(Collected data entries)
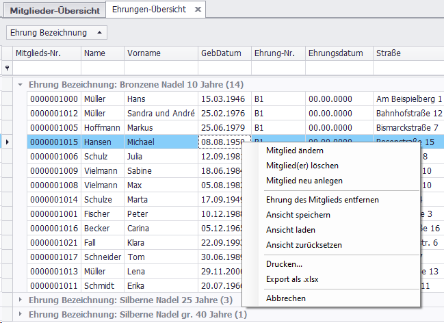 Hinter der Ehrung-Bezeichnung bekommen Sie angezeigt, wieviel Mitglieder eine entsprechende Ehrung erhalten haben.
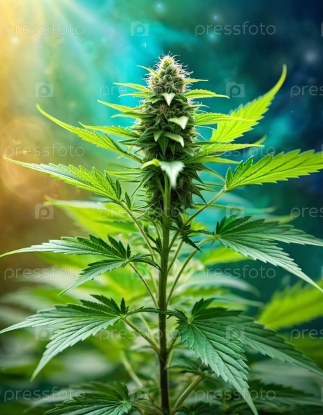 Растение марихуаны в полном расцвете. Листья яркие зеленые. Описание роста и развития растений. ИИ
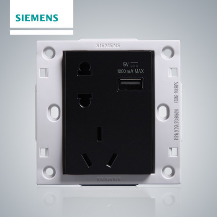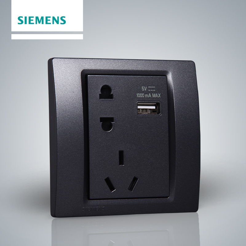 Siemens Hearmove Metal Black 10A5 Five Holes With USB Socket Wall Panel Five Holes USB Socket
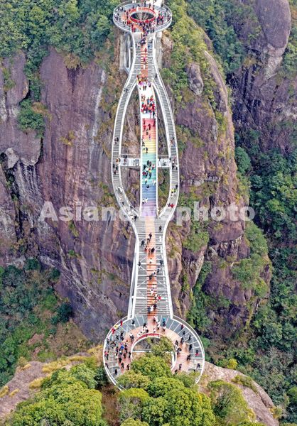 图片说明:2026年3月8日,游客在浙江省台州市仙居县神仙居景区如意桥上游玩。
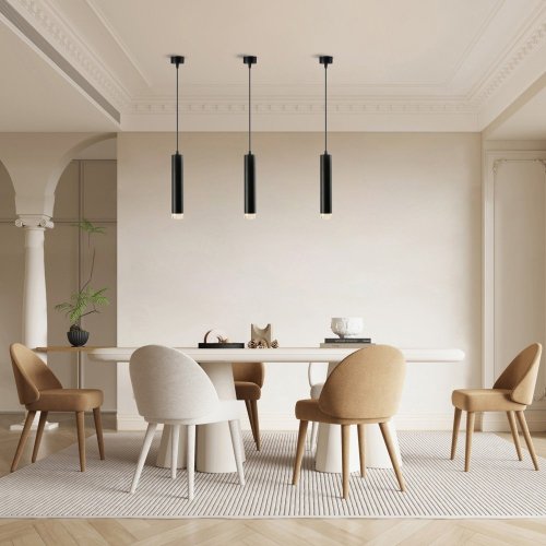 Závesné bodové svietidlo PUNTO predstavuje kvalitné kovové svietidlo v elegantnom, matne čiernom prevedení s akrylátovými prvkami, ktoré je ideálnou voľbou pre funkčné osvetlenie súčasných interiérov. Kovová hlava je zavesená na nastaviteľnom závese s dĺžkou až 100 cm, umiestnenom na okrúhlej základni s priemerom 6 cm. Osadené je päticou GU10 pre inštaláciu žiarovky o max. príkone 9 W . Hlavu svietidla je možné pre ľahšiu inštaláciu žiarovky odskrutkovať.

» TASK DETAILS
Reproduce exactly, and only, the part of the entries above that runs from the line with "Растение марихуаны в" to the last line, both included. Pictures stay out.

» EXPECTED OUTPUT
 Растение марихуаны в полном расцвете. Листья яркие зеленые. Описание роста и развития растений. ИИ
 Siemens Hearmove Metal Black 10A5 Five Holes With USB Socket Wall Panel Five Holes USB Socket
 图片说明:2026年3月8日,游客在浙江省台州市仙居县神仙居景区如意桥上游玩。
 Závesné bodové svietidlo PUNTO predstavuje kvalitné kovové svietidlo v elegantnom, matne čiernom prevedení s akrylátovými prvkami, ktoré je ideálnou voľbou pre funkčné osvetlenie súčasných interiérov. Kovová hlava je zavesená na nastaviteľnom závese s dĺžkou až 100 cm, umiestnenom na okrúhlej základni s priemerom 6 cm. Osadené je päticou GU10 pre inštaláciu žiarovky o max. príkone 9 W . Hlavu svietidla je možné pre ľahšiu inštaláciu žiarovky odskrutkovať.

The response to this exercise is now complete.